Presidential performer

Brien Lewis

Brien Lewis

Over the past few months, Catawba College President Brien Lewis has rekindled his love for theater.

When he isn’t going to meetings, presiding over college events or making public appearances, Lewis has been studying lines, blocking scenes and discovering the character of Francis Henshall from “One Man, Two Guvnors.”

Lewis will take center stage in Piedmont Players’ production of the show this week and next.

While this is Lewis’ theatrical debut in Salisbury, he isn’t new to the stage.

“I’ve been doing theater stuff pretty much since I was a kid,” he said, explaining that he performed throughout high school and college. He’s even been in several community theater productions, as well.

“It’s an itch I have to scratch every once and a while,” Lewis said.

Juggling his job as Catawba College’s president and preparing for the show has been a challenge, he said.

“The days get a little longer and the free time a little shorter,” he added.

Because of time constraints, acting isn’t something he could do regularly, but Piedmont Players’ “One Man, Two Guvnors” seemed to be the perfect opportunity to fulfill that craving. It was the right combination of timing and the show itself.

“I figured, eh, I’ll give it a try,” Lewis said.

“One Man, Two Guvnors” is a British farce piece, utilizing slapstick humor, double entendre, a physical script and improvisation.

“This is not high intellectual fare,” he said. “It is lowbrow, British farce.”

“In some ways it’s a very challenging piece,” Lewis said, adding that the show is “driven by timing.”

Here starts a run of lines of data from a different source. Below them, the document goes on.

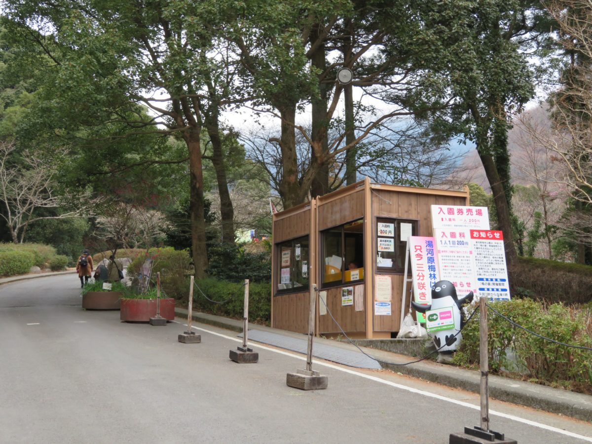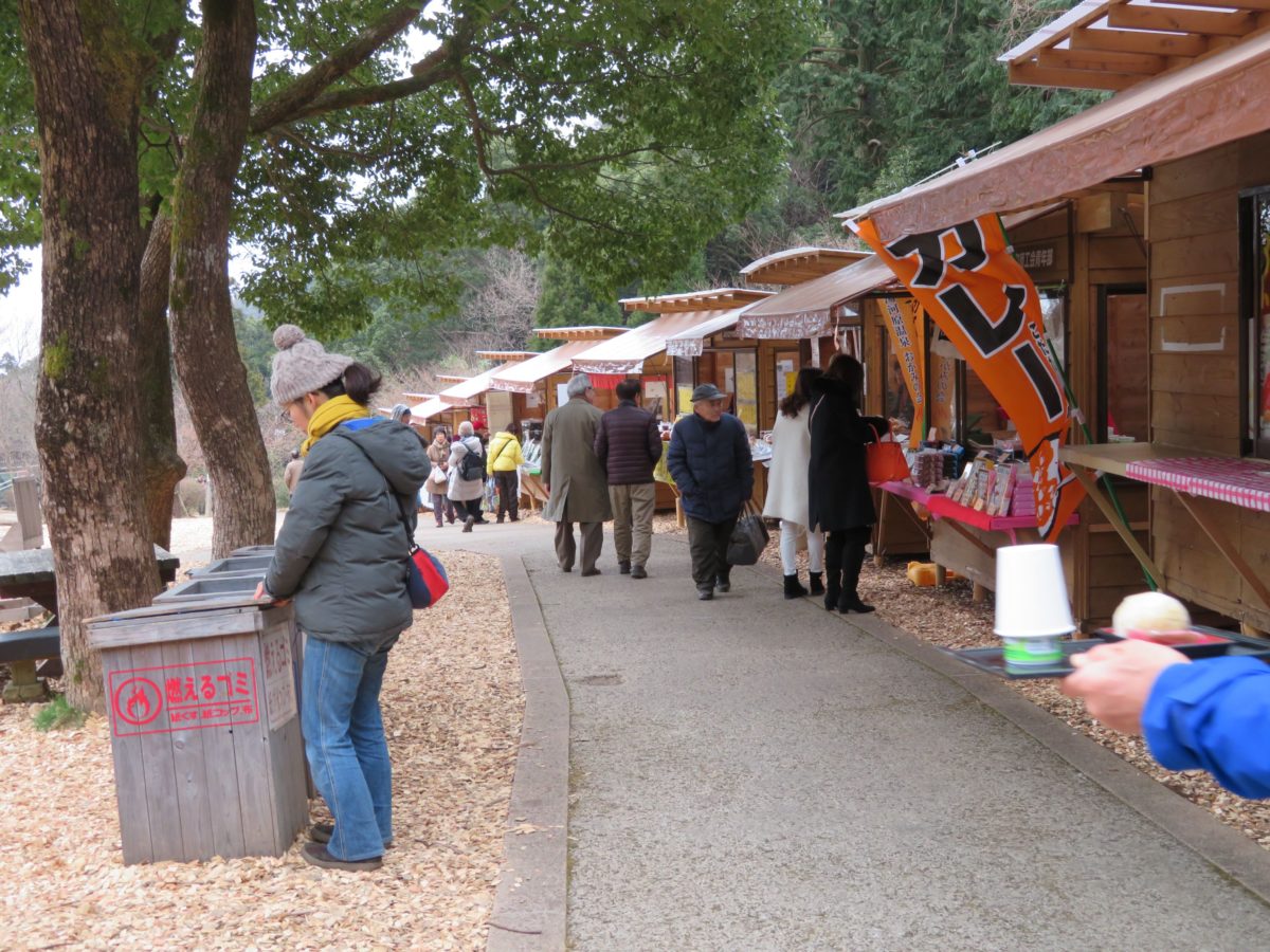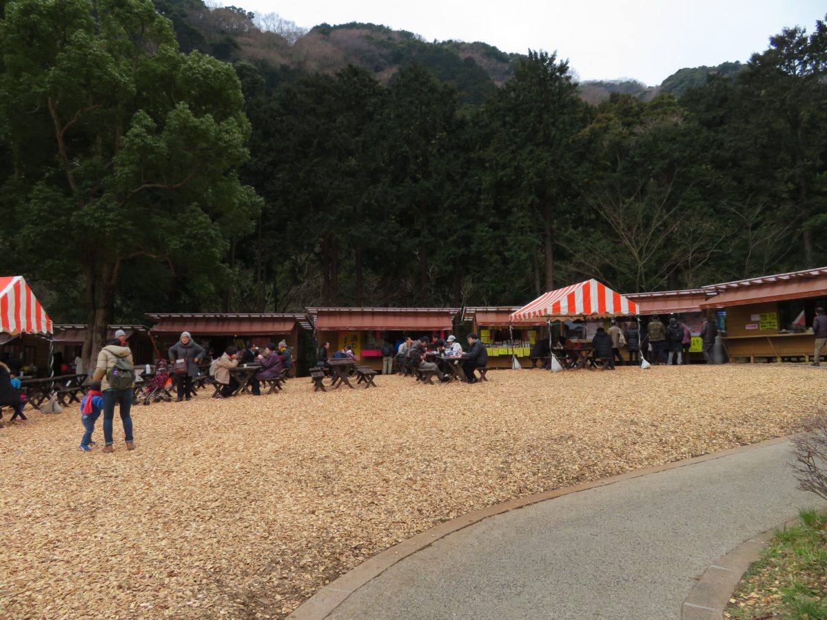 公園内には常設の売店の他に、「梅の宴」の期間中には入口付近の広場に露店が軒を連ねます。露店には、梅ソフトクリーム、酒むしまんじゅうの他、各種の軽食が揃い、相模湾の海の幸の販売も行っています。また入口の横には足湯が設けられているので、坂道を歩いた足の疲れを癒すことができます。
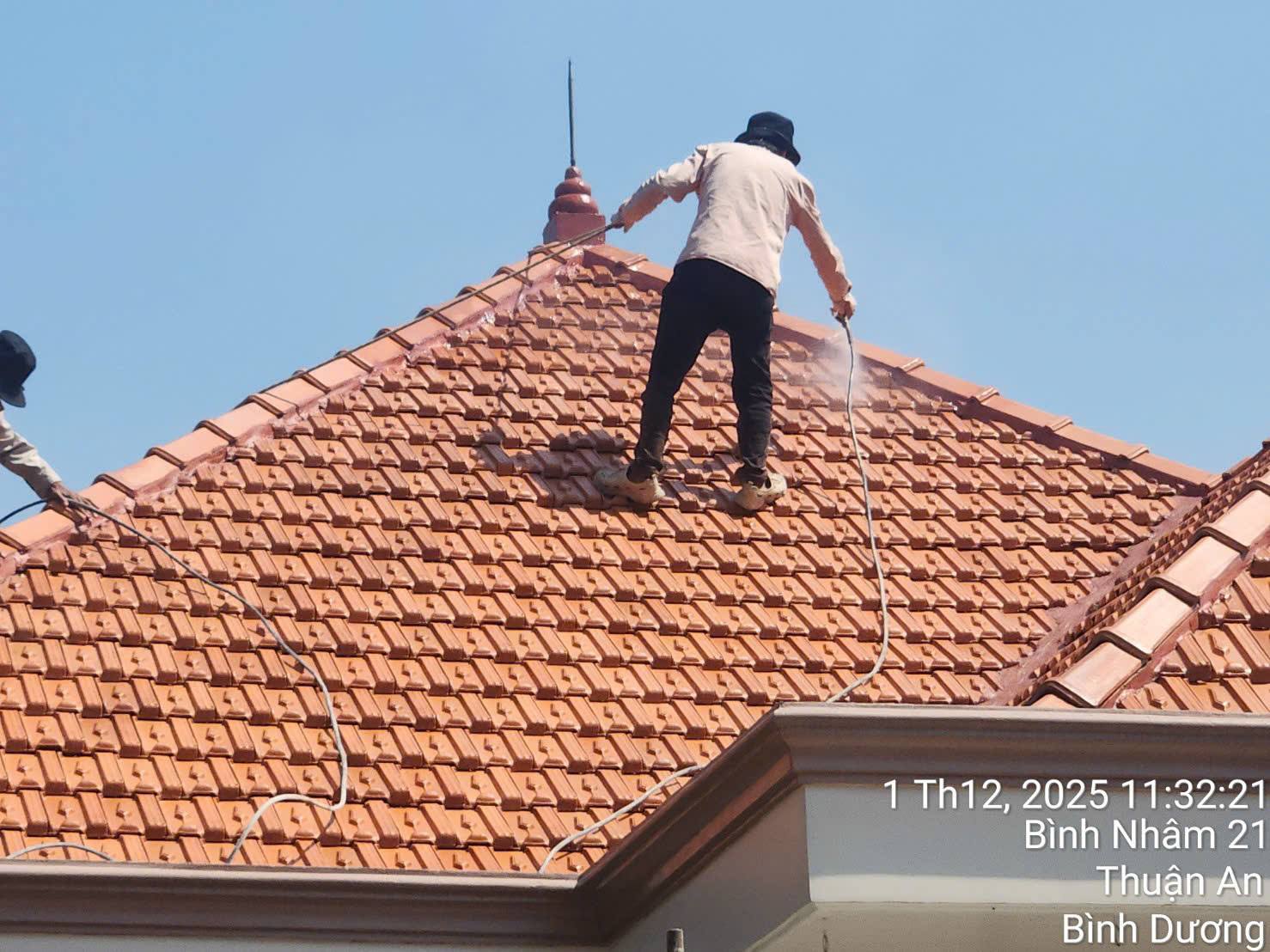 -- Mái ngói được phun chống thấm bóng trong suốt không ngã vàng
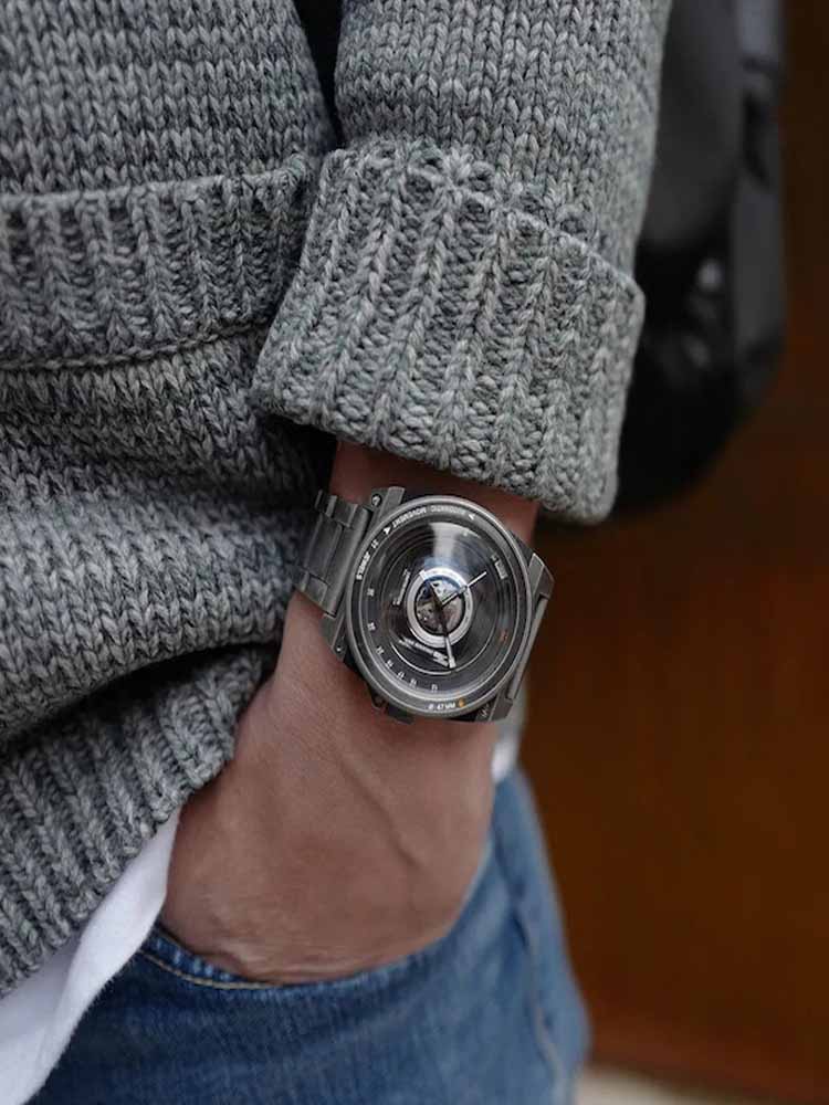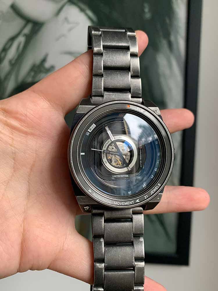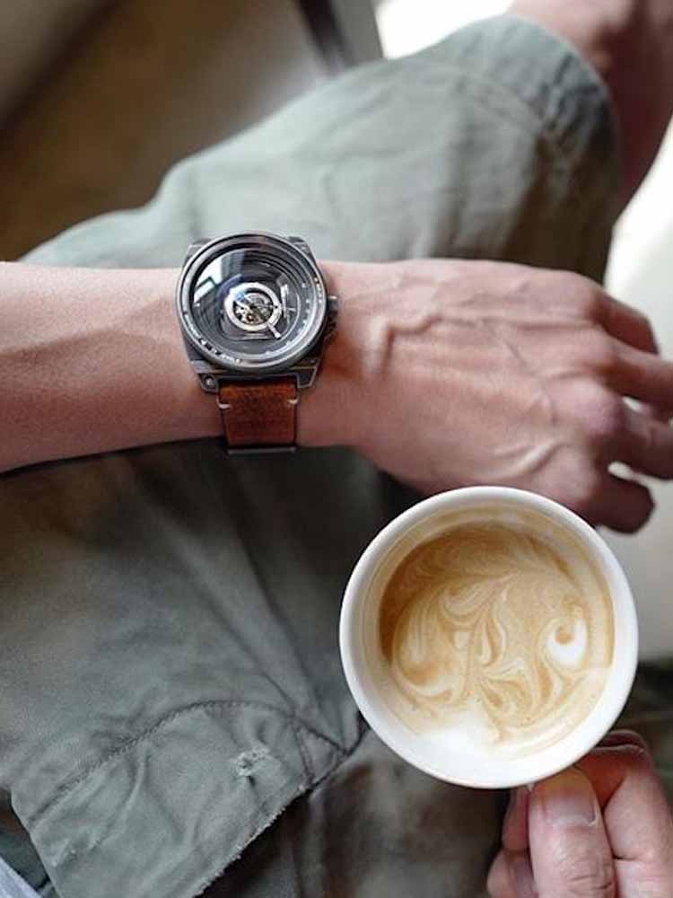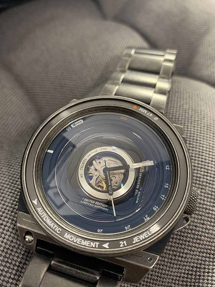 大气简约的圆形表盘彰显出霸气十足的潮男魅力,无数字的指针设计,张扬个性腔调的同时避免撞款的尴尬。机械风的撞色设计极具奢华气息,彰显着佩戴者不俗的品味追求。表带上多孔位的设计,十分贴心可根据自己手腕围度随时调节佩戴的松紧度。

“There’s a lot of improvisation in this show,” he said. “No show will be exactly the same twice.”

“It takes a lot of work to make it look easy,” Lewis added.

Lewis’ character, Francis Henshall, couldn’t be more different.

“He’s not particularly bright,” he said.

When the play begins, Francis is down on his luck. He was just fired from his position as a washboard player in a skiffle band, and is desperate for a job.

When he does land a job, he ends up with two and spends the rest of the play trying to keep his two employers from meeting each other and realizing he works for the other.

His plight puts him in a variety of sticky situations as he tries to maintain his positions for his two different bosses.

“If you’ve always wanted a chance to laugh at me, here’s your chance,” Lewis said, adding that he didn’t specifically audition for the role of Francis.

Having performed in a British farce show before, however, Lewis knew it would be fun, regardless of the role he received.

“I guess he (Reid Leonard) saw what he was looking for in Francis,” Lewis said.

Lewis said theater is like therapy.

Being on the stage allows him to “channel things in a way you don’t regularly allow yourself to,” whether it’s exploring a more dramatic side or indulging in silliness, he said, adding that there’s a satisfaction in being able to create something.

“It’s just fun to be able to do something that you wouldn’t do in your eight to five life,” Lewis said.

The cast of “One Man, Two Guvnors” is a “neat group,” Lewis said, adding that the people are his favorite part of the show.

“One Man, Two Guvnors” will be April 23-25, 29-30 and May 1-2 at 7:30 p.m. and April 26 at 2:30 p.m. at the Meroney Theater, 213 S. Main St. in Salisbury.